Scrubbed of Ketchup Stains, LS Lowry Work Ready to Debut

L.S. Lowry's "View of Deptford Power Station from Greenwich" the larger painting that inspired the ketchup-stained work. Courtesy of the National Maritime Museum, London.

Restorers preparing The Thames at Greenwich, by British artist LS Lowry (1887–1976), for its public debut had an unusual conservation challenge: tomato ketchup stains.
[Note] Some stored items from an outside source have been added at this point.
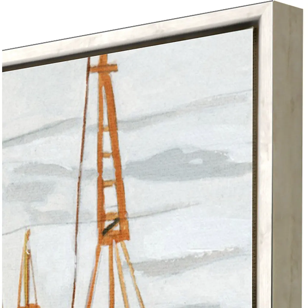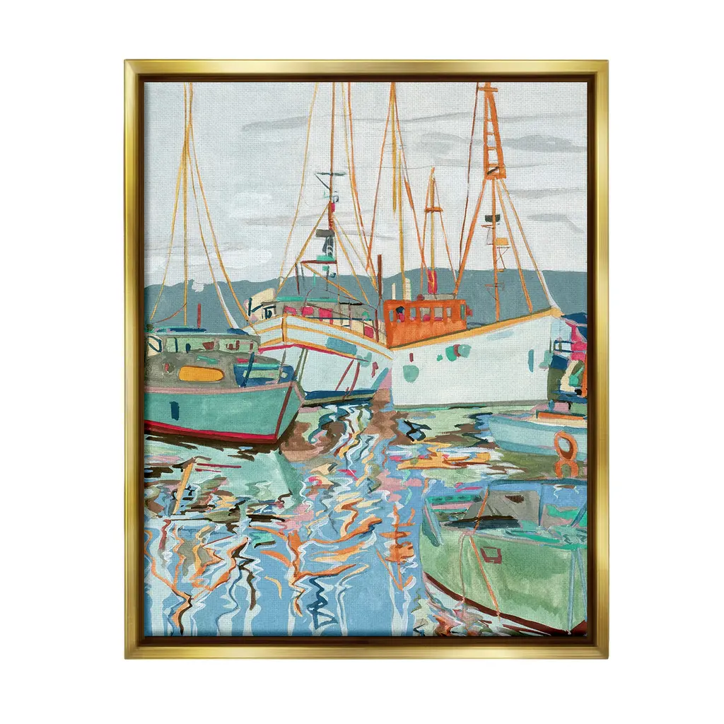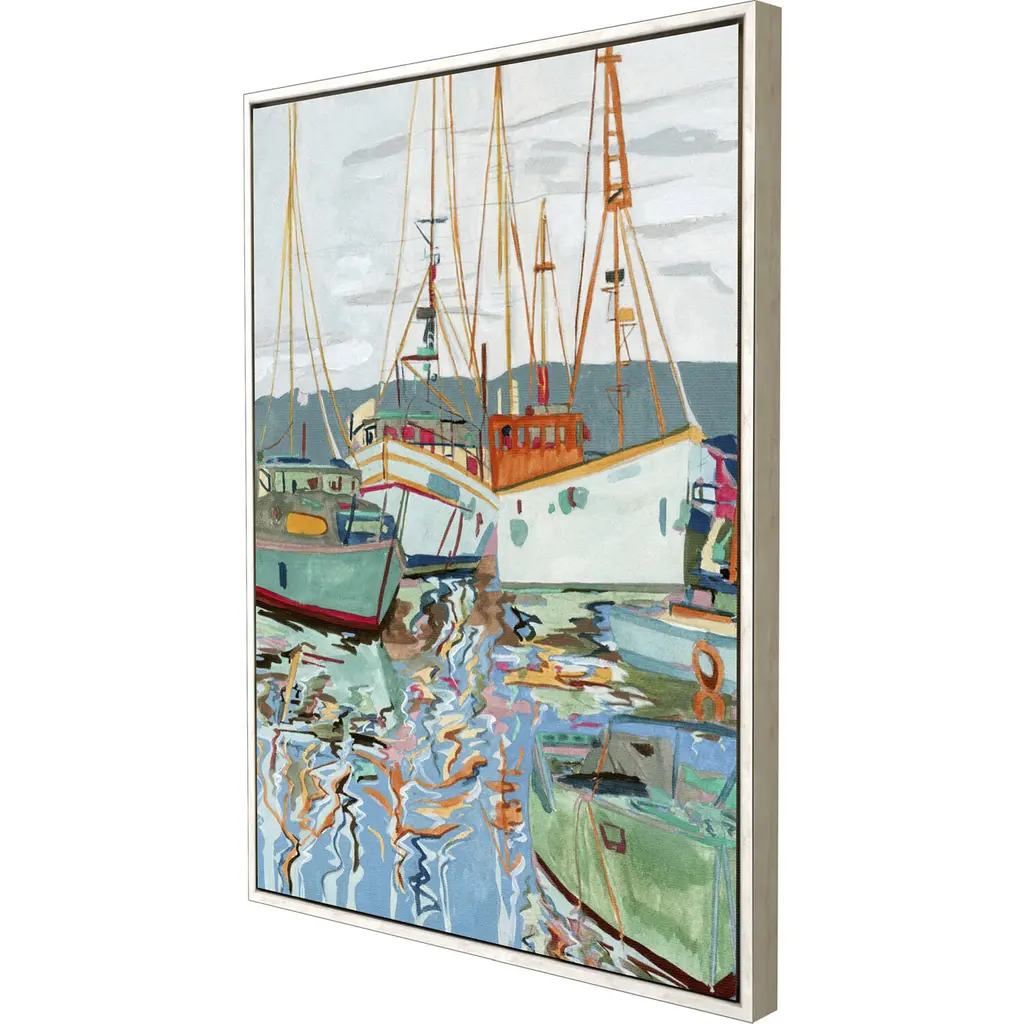 Brightly colored boats anchor near the water's edge. Canvas is wrapped around wood stretcher bars and mounted in a whitewash floater frame.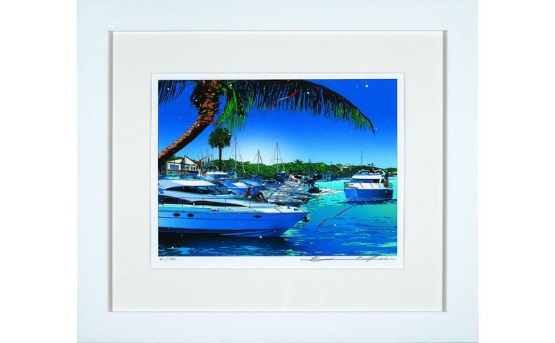 - 版画 鈴木英人版画 「トロピカルな休日」 フレーム付き 絵画 アート 絵 芸術 インテリア サイン入り 三浦半島 リゾート 逗子市 神奈川県 [№5875-0806]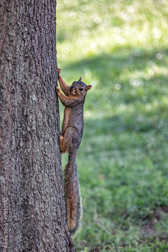 © Deana, Obraz premium Squirrel caught climbing a tree in summer
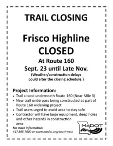 Frisco Highline Trail Closing Near Mile 3 September 23 – Late November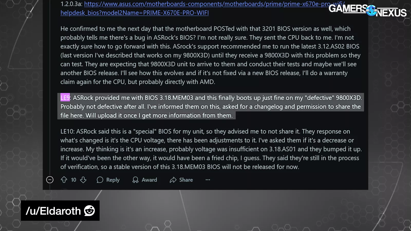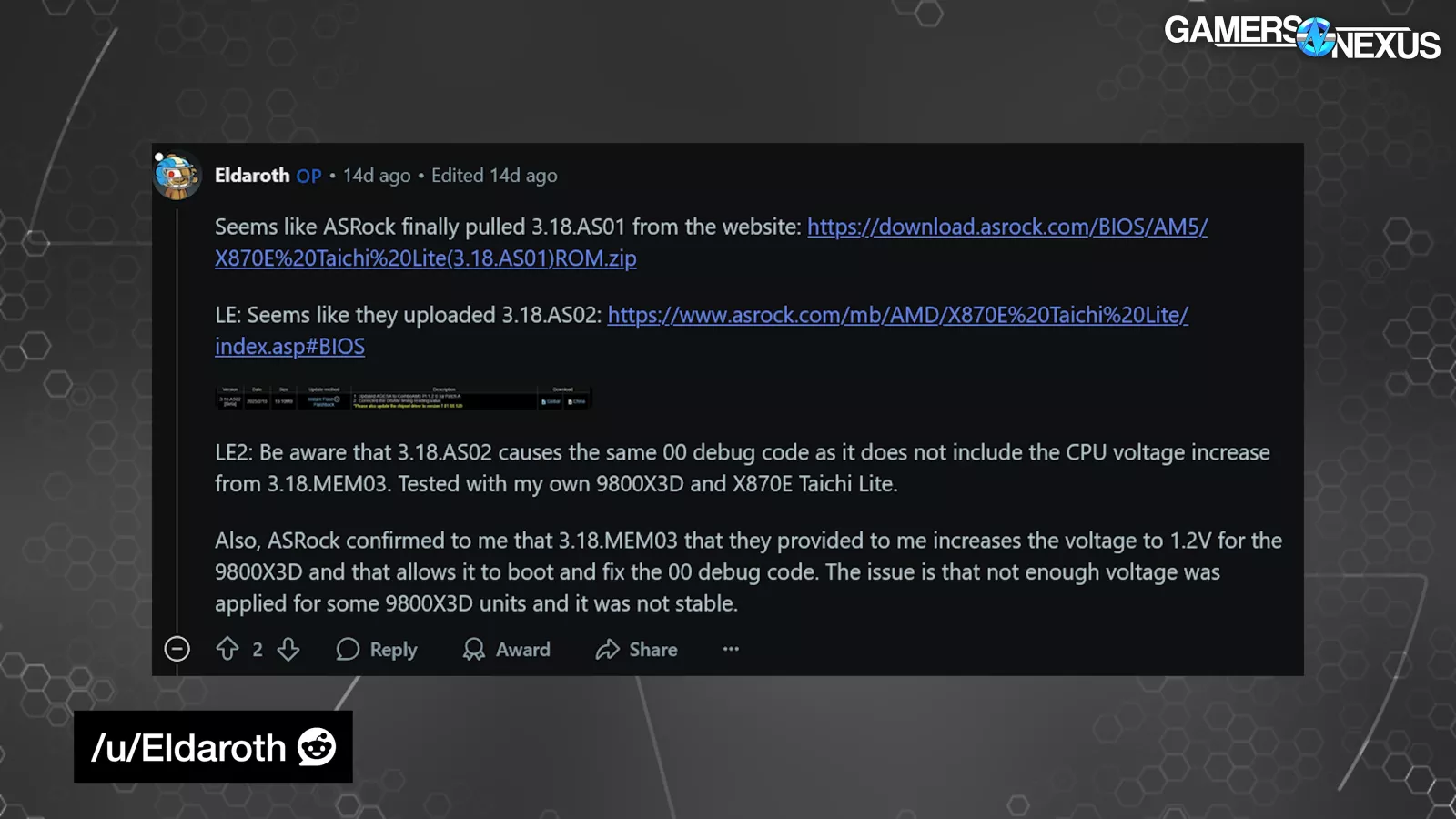 The other user with the new BIOS claimed: “ASRock confirmed to me that 3.18.MEM03 that they provided to me increases the voltage to 1.2V for the 9800X3D and that allows it to boot and fix the 00 debug code. The issue is that not enough voltage was applied for some 9800X3D units and it was not stable.” Both users reported this BIOS resolved their situation.

As reported by the BBC, the oil painting, which has hung in a family home since the 1970s, will be on display at the Lowry Arts Centre in Salford, England, through December.
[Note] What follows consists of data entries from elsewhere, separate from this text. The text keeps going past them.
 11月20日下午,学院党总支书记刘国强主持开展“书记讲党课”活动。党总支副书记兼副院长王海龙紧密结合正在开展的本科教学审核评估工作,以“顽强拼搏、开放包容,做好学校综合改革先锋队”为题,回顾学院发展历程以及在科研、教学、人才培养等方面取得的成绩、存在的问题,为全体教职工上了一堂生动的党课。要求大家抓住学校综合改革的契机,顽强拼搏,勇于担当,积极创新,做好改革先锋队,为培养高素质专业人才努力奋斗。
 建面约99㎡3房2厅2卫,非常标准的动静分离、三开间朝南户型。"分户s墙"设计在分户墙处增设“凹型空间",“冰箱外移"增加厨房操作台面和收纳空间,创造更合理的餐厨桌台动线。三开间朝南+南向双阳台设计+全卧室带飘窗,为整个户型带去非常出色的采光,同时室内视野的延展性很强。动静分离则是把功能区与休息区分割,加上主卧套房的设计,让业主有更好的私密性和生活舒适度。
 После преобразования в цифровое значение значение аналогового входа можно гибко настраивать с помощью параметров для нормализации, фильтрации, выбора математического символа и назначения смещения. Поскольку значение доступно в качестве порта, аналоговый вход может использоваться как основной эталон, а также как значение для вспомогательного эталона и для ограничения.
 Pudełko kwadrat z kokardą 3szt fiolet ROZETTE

According to a BBC interview with a Lowry Arts Centre spokesperson, the work “had a light layer of surface dirt [and] two small and very old, ketchup stains,” thought to have been acquired during its years in the private residence.

The painting and a related drawing that will accompany it in the exhibition, both circa 1957–59, were created in connection with Lowry’s major 1959 work, View of Deptford Power Station from Greenwich, which belongs to London’s National Maritime Museum. The center’s curator, Clare Stewart, told the BBC that it is “very exciting to be able to display pictures which will be completely unknown to our visitors.”

Although Lowry was “a regular visitor to London,” Stewart added, “his views of the city are relatively rare.” While his paintings of street traffic in Piccadilly Circus are well-known, “his fascination with waterways, however, meant he was obviously drawn to the Thames—and these works are a great example of that.”